- Opening Delimiter -

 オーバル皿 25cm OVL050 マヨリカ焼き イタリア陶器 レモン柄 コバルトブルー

- Closing Delimiter -
- Opening Delimiter -

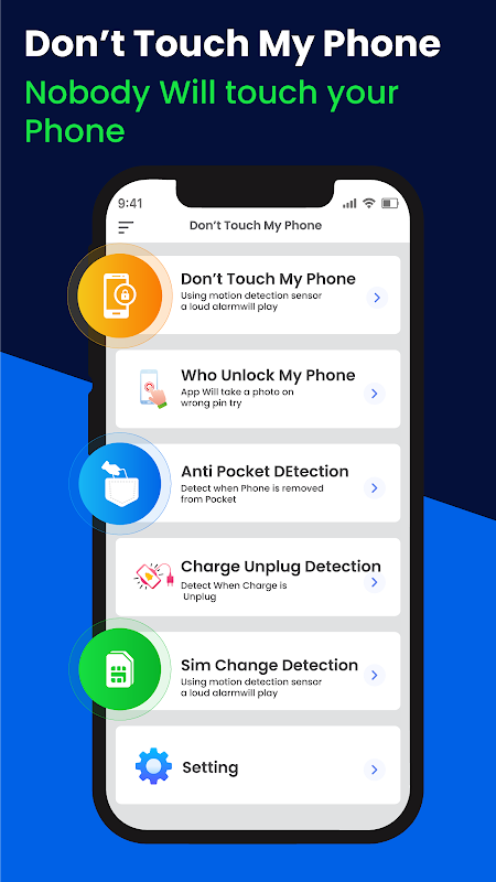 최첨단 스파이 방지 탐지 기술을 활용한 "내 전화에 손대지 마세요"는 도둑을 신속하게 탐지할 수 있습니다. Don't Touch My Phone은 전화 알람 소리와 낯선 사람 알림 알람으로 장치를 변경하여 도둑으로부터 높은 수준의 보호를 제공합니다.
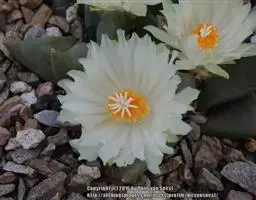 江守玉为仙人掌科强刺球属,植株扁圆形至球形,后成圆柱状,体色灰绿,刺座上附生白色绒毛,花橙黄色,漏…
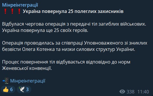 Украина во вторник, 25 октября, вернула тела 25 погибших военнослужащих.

- Closing Delimiter -

## Requirement
Up in the listing, locate the line with "최첨단 스파이 방지 탐지"; print it and every line after it down to the line with "Украина во вторник, 25", which is included too. Skip the pictures.

## Written solution
 최첨단 스파이 방지 탐지 기술을 활용한 "내 전화에 손대지 마세요"는 도둑을 신속하게 탐지할 수 있습니다. Don't Touch My Phone은 전화 알람 소리와 낯선 사람 알림 알람으로 장치를 변경하여 도둑으로부터 높은 수준의 보호를 제공합니다.
 江守玉为仙人掌科强刺球属,植株扁圆形至球形,后成圆柱状,体色灰绿,刺座上附生白色绒毛,花橙黄色,漏…
 Украина во вторник, 25 октября, вернула тела 25 погибших военнослужащих.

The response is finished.